Nowadays, I use factor 20 cream - rather than the perfumed cooking oil that I used to buy to get that “deep down tan”. It never worked and I always dreaded the day when I would finally start to peel and then I would worry about the fact that I could be going home even whiter than when I arrived!
Nowadays I do not have to rely on two sunny weeks in foreign parts to get my tan done. I live in foreign parts and they do have a disproportionate number of sunny days - even in December and January - when our nearest star can be enjoyed.
But I also notice now that, as I brown, elements of my history show up on my skin. For example, just above the second knuckle of my middle finger of my right hand, there is now a faint outline of a small, three-sided rectangle. It must related to what must have been a fairly serious cut or graze, where a flap of skin was ripped out of my flesh. It must have hurt, there must have been quantities of blood and, given where it is positioned, the flexing of my hand and finger must have pulled and broken the scab. On the right hand, as well, it must have constantly been rubbed and knocked. It must have been an extended and thorough nuisance. And what with the natural propensity to pick and worry at healing scars it must have been a feature of my life for ages.
And I have absolutely no memory of the injury at all. The ghostly outline is almost like a accusation form my body. Look, it seems to be saying, this happened, it was an event and you care so little that you have consigned it to forgetfulness!

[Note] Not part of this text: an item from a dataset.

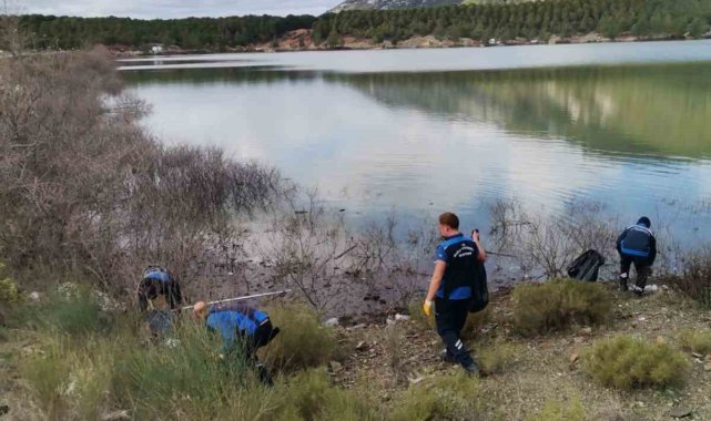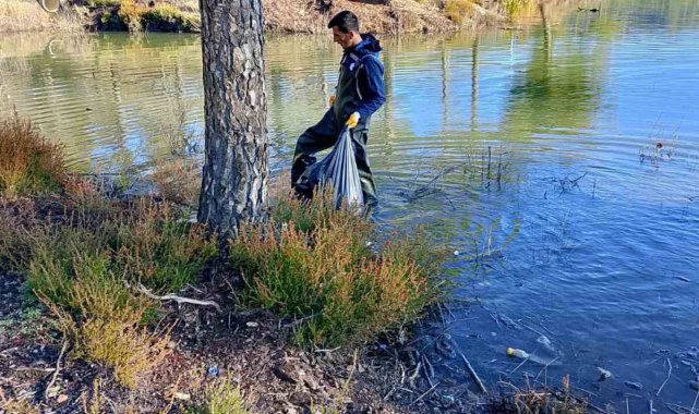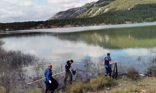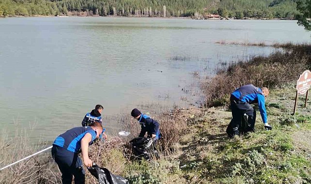 Yaz aylarında suların çekildiği, kış aylarında ise yoğun yağışlarla yeniden yükselen Ula Göletinde, suyla birlikte doğaya zarar verebilecek atıkların birikmesini önlemek amacıyla temizlik yapıldı.

Other scars have a back-story that I remember well. The ball of the right-hand thumb and the slicing of an open salmon tin; my right elbow and the tip over the tennis net during my victory leap; my inner thigh where the rotten tree stump entered and broke off; my chin and the collapse of friends on top of me in junior school; my lip and something on the building site that bit back; my foot and a piece of rubble on the Asia side of Istanbul - and all those scabs of childhood on knees and legs and arms that would have to be layered in three-dimensional ghostliness to show the succession of minor cuts and abrasions that is part of growing up.

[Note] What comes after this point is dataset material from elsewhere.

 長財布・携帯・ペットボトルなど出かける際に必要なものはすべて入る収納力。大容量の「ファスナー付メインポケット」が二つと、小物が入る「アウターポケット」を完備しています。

I have always found the expression “like the back of my hand” as a picture of familiarity to be woefully inappropriate - I challenge you to describe yours without looking at it! And, in my opinion, apart from our faces (and let’s face it, we mostly recognize ourselves from reflections in mirrors and that is absolutely NOT how we appear to other people!) what parts of our bodies do we actually know?

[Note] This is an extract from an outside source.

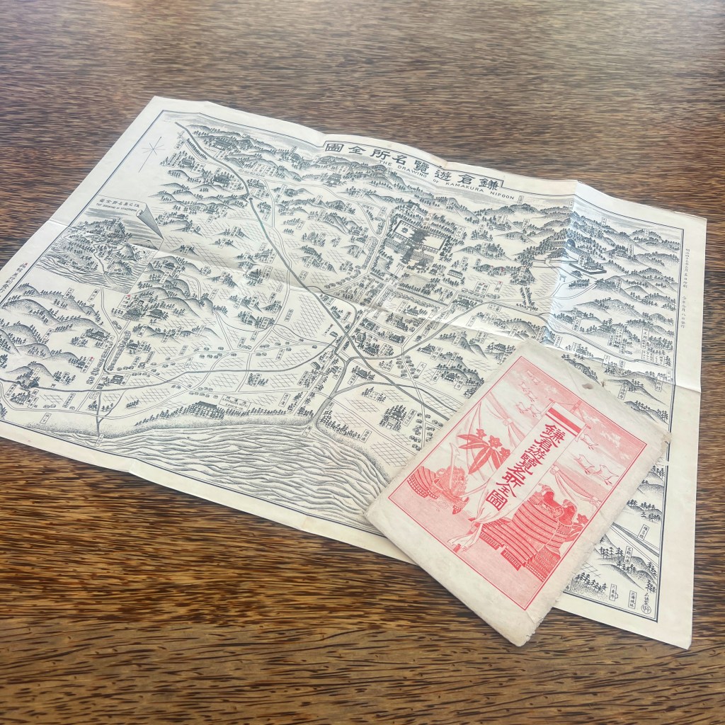 The Complete Map of Kamakura Famous Places for Sightseeing (Kamakura yūran meisho zenzu 鎌倉遊覧名所全圖), loosely rendered into English as The Drawing of Kamakura Nipoon [sic], came inside a paper folder printed with symbols of the Japanese empire. The map was prepared by Kawakami Yasujirō 川上安次郎.

It is usually only when something is going wrong that we start to explore the substances of which we are made. Which is why I am grateful for my ghosts of past hurts. They make me think and they encourage me to remember and with the absolute pleasure that comes with confused recollection, although specifics might be inaccurate the experience can be retextured to my own individual attitudes and prejudices. I can remember about the cut on my finger, even if the unique circumstances are lost. I know how I am and what I’m like, so I can place the cut and call it mine.